En visite à la prison de Lantin


Dans Dans l'actu
Valentine Pasque

Photos : Valentine Pasque

Aspect méconnu du milieu carcéral, les visites rythment pourtant la vie des détenus et de leurs proches. Se soumettant à un protocole strict, chaque jour femmes, enfants, mères et frères, se rendent aux parloirs de la prison. Comment s’organisent alors ces retrouvailles particulières, notamment en ces temps de pandémie ? Plongée dans le quotidien de l’accueil à la prison de Lantin...

Portier vu de l'intérieur 

Un protocole particulier

Une visite à la prison de Lantin, ce n’est pas une rencontre comme les autres. Pour rendre visite à un détenu, il faut se soumettre à certaines règles. Il existe un protocole particulier auquel se soumet deux fois par mois Aurélie (nom d’emprunt), venue rendre visite à son mari incarcéré. La jeune femme qui vient d’effectuer un trajet de 7 heures depuis l’Allemagne se présente devant Jean-Marc, un des portiers de la prison.  Elle lui tend ses documents d’identité, ainsi que son certificat de mariage. Le portier lui confirme sa présence sur la liste des proches autorisés à visiter le détenu. Aurélie est ensuite priée par Jean-Marc de prendre la « pose » devant la caméra. Cela dans le but de réaliser une photo pour illustrer son profil dans la base de données. On lui pose ensuite la question de savoir si elle apporte un sac de linge pour son mari. Elle n’en apporte pas cette fois. « Pas de flingues ? Pas de cocaïne, d’héroïne ?  Pourquoi venir alors Madame ! » plaisante Jean-Marc. Le ton jovial de l’homme a plu à Aurélie. « Ça fait plaisir le personnel comme vous lorsqu’on vient en prison ! », lance-t-elle alors qu’il imprime un badge qu’elle devra conserver sur elle.  

portique Portique de sécurité pour les visiteurs

Si le portier formule ce trait d’humour sur les stupéfiants, il confie plus tard que la drogue demeure un réel problème au sein de la prison. Il constate qu’« il y a beaucoup moins de visites depuis le Covid, avant on avait beaucoup d’« amis»  qui ramenaient de la drogue aux détenus, mais avec l’interdiction de contacts rapprochés, ce n’est plus possible ».

Son précieux sésame en poche, Aurélie se dirige vers les casiers de la salle d’attente des visiteurs. Elle y dépose ses effets personnels. Curieusement, elle échange également ses élégantes bottines contre de simples tongs « c’est pour le portique, il y a du métal dans les semelles », explique-t-elle. Le « portique », cela désigne le portique de sécurité sous lequel, après un bref séjour dans la salle d’attente, chaque visiteur doit passer. Les visites se déroulent selon certains créneau selon le jour de la semaine. Ainsi les visiteurs d’un même créneau se rendent conjointement dans la pièce du portique. Il s’agit de la dernière étape après laquelle les visiteurs peuvent emprunter les escaliers menant aux parloirs. Là, les visites durent 1 heure. Les détenus peuvent également parler à leurs proches via des visioconférences, plébiscitées en ces temps de COVID-19.

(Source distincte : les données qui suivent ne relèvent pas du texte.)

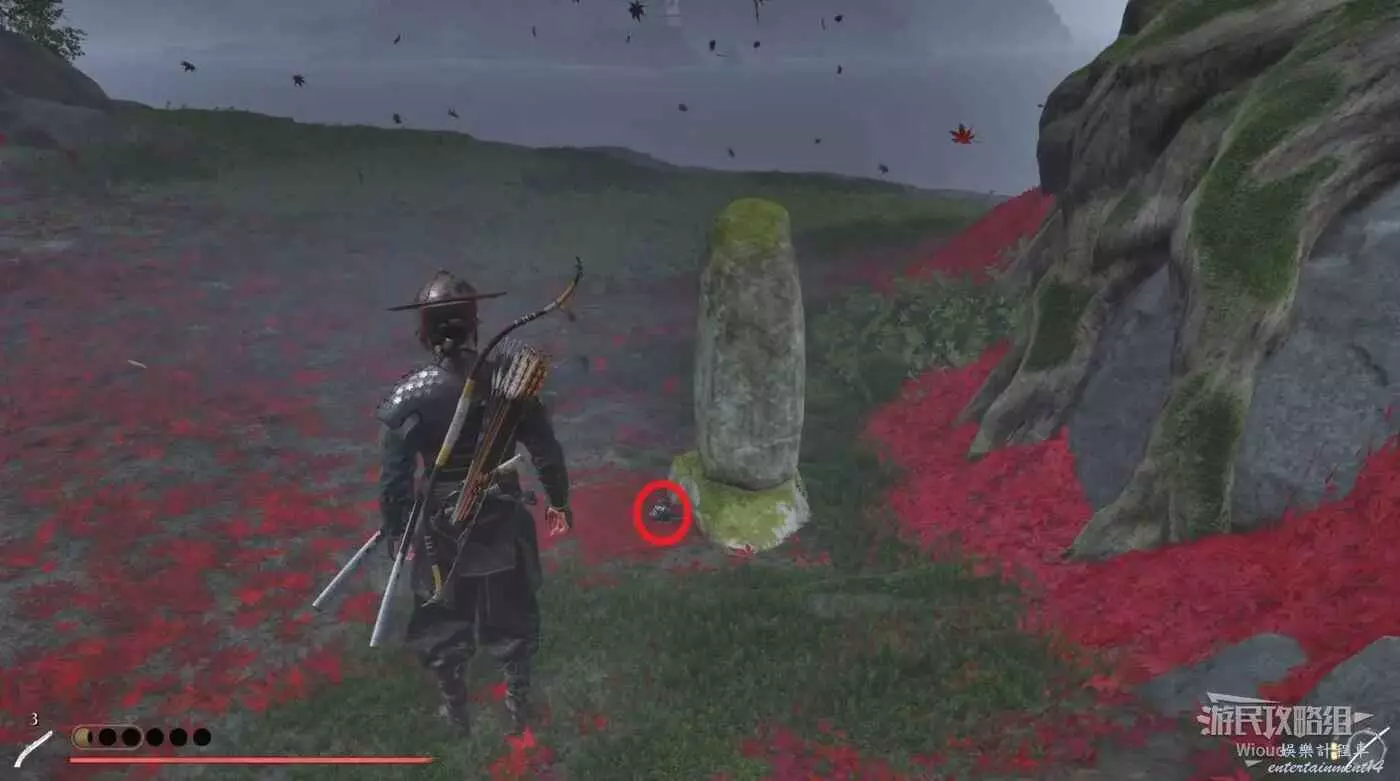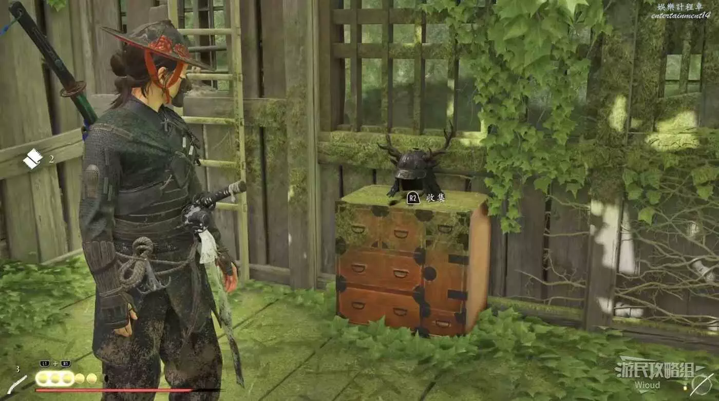 進入右側房屋拿【鹿角頭盔】,然後爬旁邊梯子到房頂,再跳到山壁的攀附節點上,往左走進入洞穴。

Des visites « sans contact »

Une heure passe. Aurélie réapparaît au « portier ». Moins joyeuse qu’à son arrivée, elle vient rendre son badge. Elle demande à Jean-Marc de lui appeler un taxi, car elle rentre en Allemagne en train. Quand on s’étonne de ce « si long chemin » que la jeune femme effectue pour venir voir son homme, elle répond simplement que « c’est normal, c’est important pour eux de recevoir de la visite ». 

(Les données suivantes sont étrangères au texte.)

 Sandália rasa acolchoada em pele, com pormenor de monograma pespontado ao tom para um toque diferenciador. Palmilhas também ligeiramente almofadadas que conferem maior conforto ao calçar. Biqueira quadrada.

En attendant son taxi, Aurélie se laisse aller à quelques confidences. La jeune femme évoque notamment la manière dont la pandémie, et l’interdiction de contacts affectent ses visites. « Les câlins, c’est ce qui manque le plus, le sexe aussi », déplore-t-elle. Une femme, accompagnée d’un enfant en bas-âge, réagit aux propos d’Aurélie. « Mon fils, est-ce normal que son père ne puisse pas le prendre dans ses bras ? ». Les deux jeunes femmes s’accordent sur ce manque de contact, un gros problème. Aurélie espère qu’ « une fois que les détenus auront eu leur deuxième dose de vaccin, les visites pourront reprendre comme avant ». En attendant ces changements, Aurélie reviendra à la prison dans 2 semaines, profiter de ces instants privilégiés avec son mari.